Is my Emergency Fund Big Enough?

It is a good idea to have a good amount in a savings account that can be used for emergencies. If you do not have an emergency fund right now, then you need to start one.

What is my Plan if I Lose My Job?

What would happen if you lost your job? Do you have a plan to get more work? You need to thing about these things and have a plan in place, as you will need to survive financially in the event you become unemployed, this is where your emergency fund comes in.

What Happens if you Lose your Spouse?

The loss of a spouse can have financial implications for you, so what is your plan if something happens? This is where an emergency fund will help or another financial plan. You need to explore all of your options in the event that this happens.

What about the Big Expenses?

If you know that big expenses are coming in the next year, you don’t have to panic; instead you can start saving for them right now. If you know a certain bill is coming for a certain amount, divide it into chucks and save that amount each month, so that you can pay it easily.

What about Future Expenses?

This question makes you look further down the road.
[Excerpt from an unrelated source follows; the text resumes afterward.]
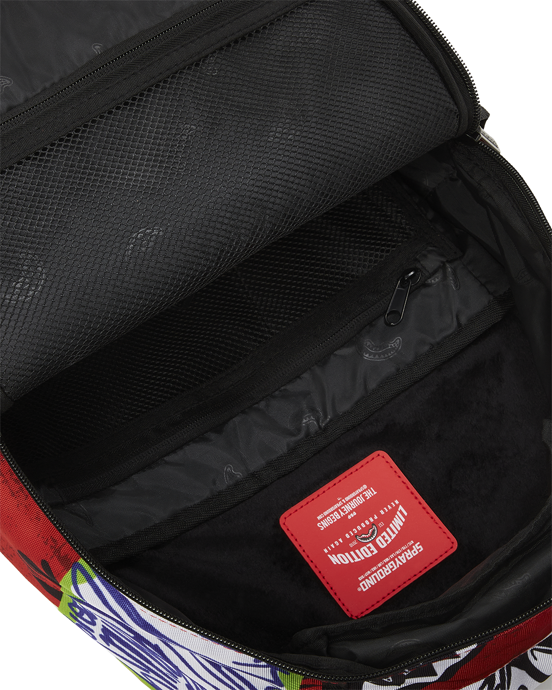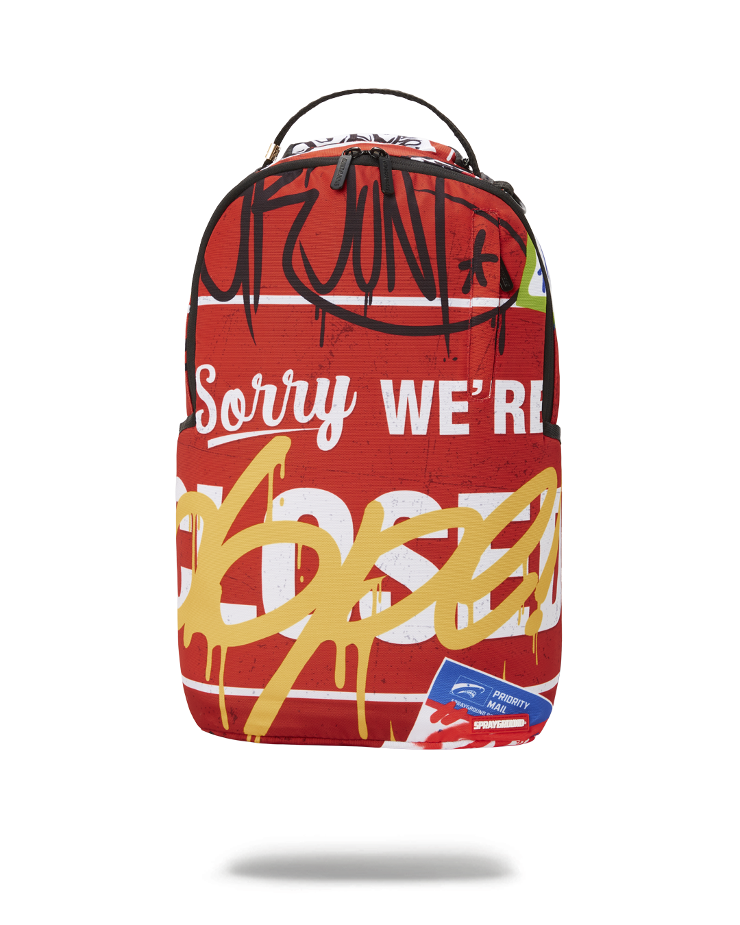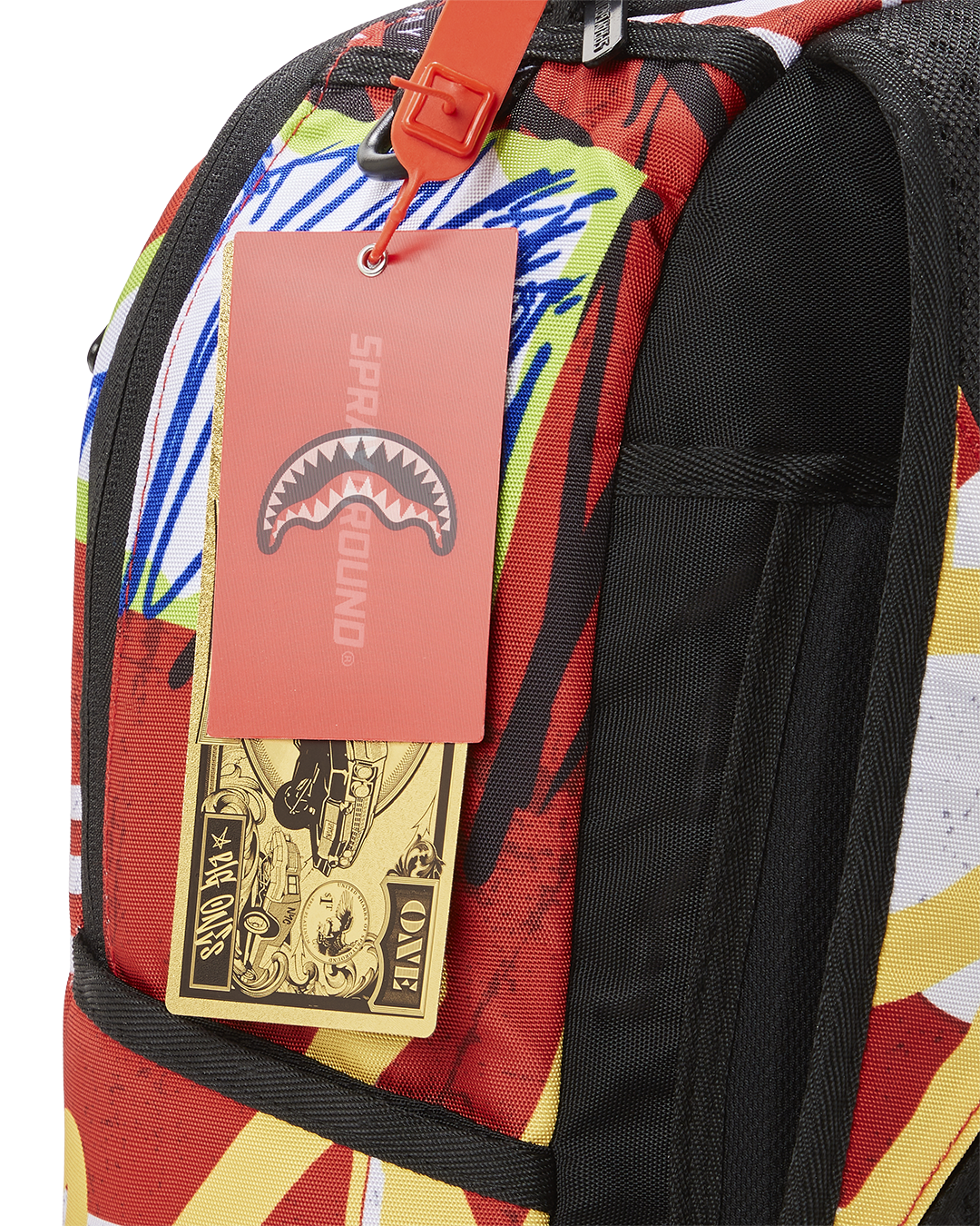 ExteriorDimensions: 18" x 6" x 11.5" • Front zipper pocket • Side pockets • Zippered Stash pocket • Separate velour sunglass compartment • Ergonomic mesh back padding • Adjustable Straps for custom sizing • Green zippers with metal hardware • Metal "Sprayground Authentic" badge • Slide through back sleeve connects to carry on luggage to free your hands

If there is a purchase that you plan to make in the next 5 or so years, you can set a goal for when you want to reach this by. You can set an approximate date and figure out how much you are able to save each month to get there.
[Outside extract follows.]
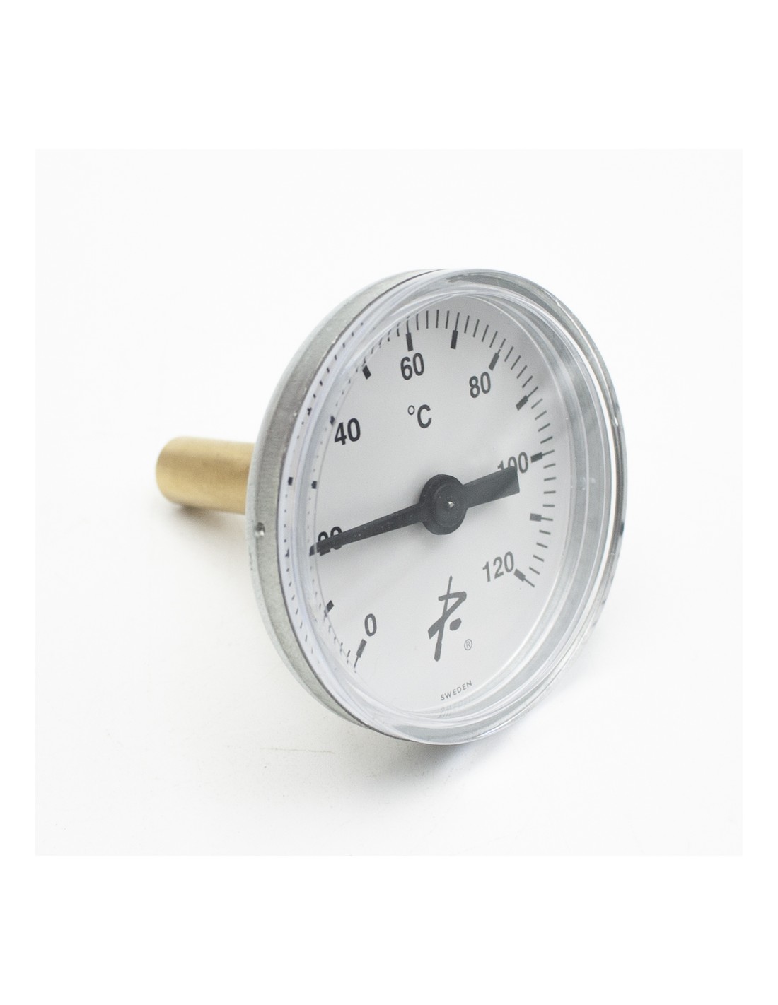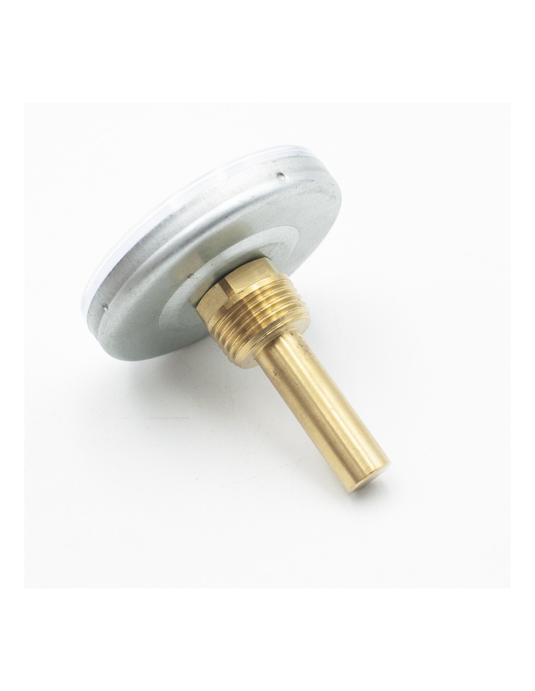 Termometro bimetalico calefaccion horizontal con visor en ABS, caja en acero. Fabricado con vaina de laton rosca M1/2".

What Can I Do to Improve My Income?

Personal finances is dependent on your income so you need to think if you are able to change your income level through getting a better position, finding a different job or picking up a part time job.


FAQ Debt Consolidation

  1. How Can You Consolidate Debts?

You are able to consolidate debts with a debt consolidation loan ort you are able to sign up to a debt consolidation management company that offers this service.
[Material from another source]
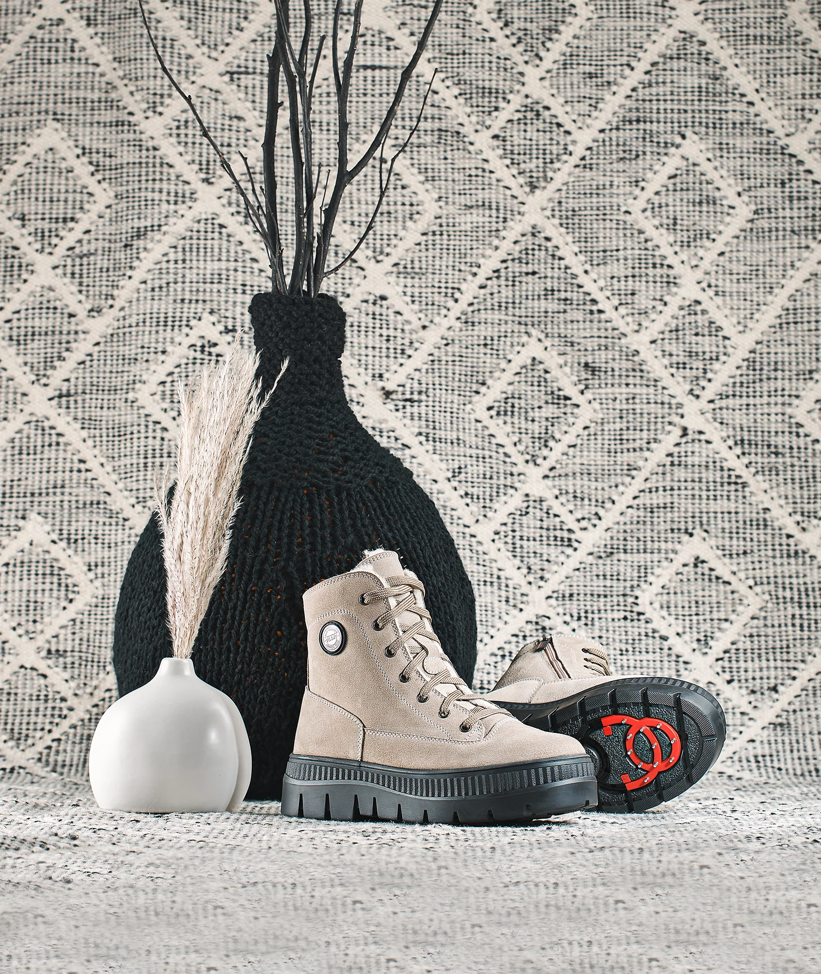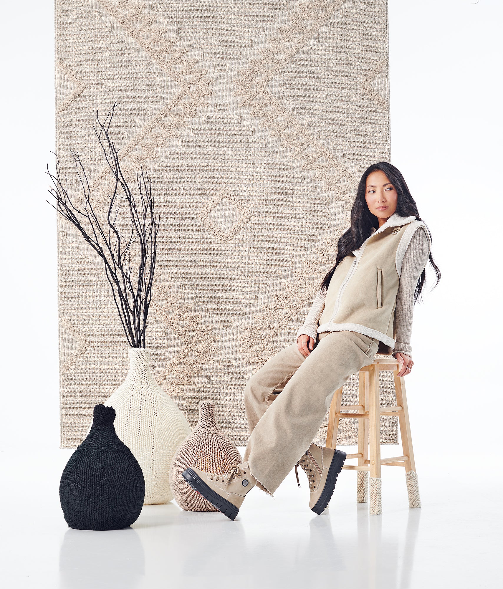 Entrez dans le paysage hivernal et faites une déclaration de style avec le modèle Glee. Ces bottes présentent non seulement un design tendance, mais vous permettent également de mettre en valeur votre individualité avec la semelle plateforme à crampons. Façonnée d’une tige en hydro-suède, elle embrasse les éléments avec confiance, captant l’attention de tous où que vous alliez.

  1. What is a debt Consolidation Loan?

This is a low interest loan that you are able to use to pay off your existing debts.

  1. What is a Secured Consolidation Loan?

This is where the loan is taken against collateral like a house. The collateral secures the loan and if you fail to pay the collateral is seized by the lender and sold to recover the money.

  1. What is an Unsecured Debt Consolidation Loan?

This loan will not require any collateral.

  1. An Unsecured or a Secured debt Consolidation Loan?

The collateral will generally lower the interest on a secured loan, which means that your monthly repayments are lowered. A secured loan is then preferable as it is easier to pay off, but the condition is that if you are unable to pay then the collateral can be seized.

  1. Is a Home Equity Line of Credit worth Considering as a Debt Consolidation Loan?

This is worth considering if you have enough equity in your home. The more equity that you have then the less interest you will have to pay and the more that you can borrow.

  1. Do I Need to be a Homeowner to Consolidate my Debts?

This is not necessary. You are able to take an unsecured consolidation loan if you do not own property. This will have a higher interest rate though.

  1. Is a Debt Consolidation Loan Different than a Debt Consolidation Mortgage?

A debt consolidation mortgage will allow you to take out a new mortgage to pay off other debts. You are then left with just the one mortgage payment. A debt consolidation loan can pay off your debts.

  1. Do Debt Consolidation Services Charge Fees?

A debt consolidation program will require you to pay some fees.

  1. How Can Debt Consolidation Simplify my Monthly Payments?

With debt consolidation, your various debts are replaced with just one debt. This new debt will usually have a fixed low interest rate and a longer repayment period. You monthly payable amount is reduced and becomes one single fixed payment.